У Боба было длинное лицо, унылое, с обвислыми усами и опущенным ртом. Волосы стриженные ёжиком, седые.
Он сказал:
— Ну, а в смысле каких-нибудь опасностей: не страшно — одному-то?
— Нет. Тут всё набито разной аппаратурой и оружием. А на дворе собаки… Да мне и оружие ни к чему: случись что, я руками управлюсь.
— Правда? Бывали случаи?
— А то нет. Кто-то напивается, допустим, в компании, начинает хамить — так мне нетрудно любого уложить и связать. Сколько раз было.
— Вот как? А что-нибудь более серьёзное? Браконьеры?
Я помотал головой:
— Не было никогда. Сюда никто не сунется. Меня знают.
— Да, тебя знают, — кивнул он. — О тебе ходят легенды. Многие только и мечтают, Том, как бы сюда попасть и сходить на охоту — с тобой и твоими собаками.
— Фрэд, — поправил я.
— Что?
— Я Фрэд, а не Том.
— Я сказал «Том»?
— Ага.
Он засмеялся:
— Тебе послышалось. Я сказал: «многие мечтают о том, чтобы сюда попасть».
— А. Я не понял.
— Хотя, конечно, я мог оговориться… Давай-ка выпьем ещё. Ты — как?
— Выпьем — так выпьем.
— За тебя, Фрэд.
— О’кей.
— За твою прекрасную жизнь.
— Пусть так. Я согласен.
Он выпил и снова положил на ломоть ветчины три маслины, свернул трубочкой и отправил в рот. Потом косточки выплюнул в камин одну за другой.
— А знаешь, почему все мечтают сюда попасть?
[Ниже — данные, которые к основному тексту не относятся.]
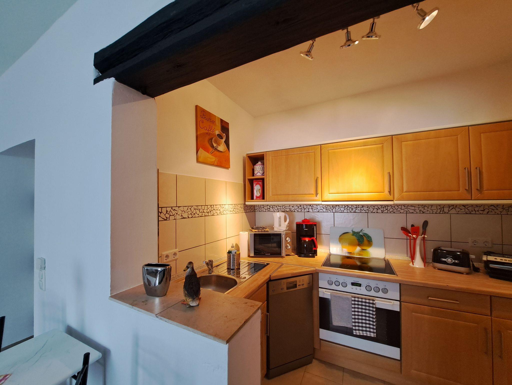 Die Ferienwohnung empfängt Sie mit großem Flur, einem Tageslicht-Badezimmer mit Dusche, Badewanne, Waschtisch und WC. Im kombinierten Wohn- und Schlafraum befindet sich ein Doppelbett mit einer 1,80 m Breite, kleinem Esstisch für 2 Personen, 2 Sessel mit Couchtisch, Kamin und Flach-TV. Eine Aufbettung (Schlafsessel) kann für ein 1 Kind bis 14 Jahre nach Absprache dazu gestellt werden. Die Einbauküche ist offen zum Wohn-Schlafraum und komplett ausgestattet. Die Ausstattung der Wohnung ist sehr gepflegt, hell und freundlich. Zur Gastgeberfamilie gehört ein kleiner Jack Russel. Für Angler steht ein Boot am Torgelower See nach Absprache zur Verfügung (kostenpfl.). Der See ist ca. 3,5 km entfernt.

И почему я мог спутать твоё имя? — спросил он.
— Почему?
— Потому что твою роль сыграл великий актёр — Том Принс. И сделал он это великолепно.
— Да? Про меня сняли фильм? Это что-то новое, я не знал… Мне Сэм ничего не говорил… Странно, кому это в голову пришло… Погоди, Том Принс, ты сказал? Вроде я где-то слышал…
— Конечно. Как ты мог не слышать. Это очень знаменитый был актёр.
— Был?
— Погиб месяц назад. Его убили… Так что теперь ожидай наплыва гостей, Фрэд. Толпы его поклонников будут рваться сюда, чтобы на тебя посмотреть.
Я почувствовал непонятное беспокойство. Чего-то тут не связывалось в его словах. К тому же, держа свой стакан на уровне носа, он не сводил с меня глаз. Я поёжился и отвернулся к камину, сгорбившись. Подложил несколько поленьев.
— Уж не ты ли, Боб, из этих поклонников, а? — пробурчал я.
Он как будто очнулся.
— Я? — нет. Я другой гость, — сказал он, допивая остатки джина. — Я гость странный.
— Это верно, что-то такое есть. Только я не пойму. В чём же твоя странность?
— Я — любитель поэзии, — сообщил он, пригнувшись вдруг ко мне над столом.
— Вот тебе раз! Ну ты даёшь! А при чём тут поэзия?
— Разве ты не находишь это странным?
— Чего?
— Что сейчас есть любители поэзии на свете.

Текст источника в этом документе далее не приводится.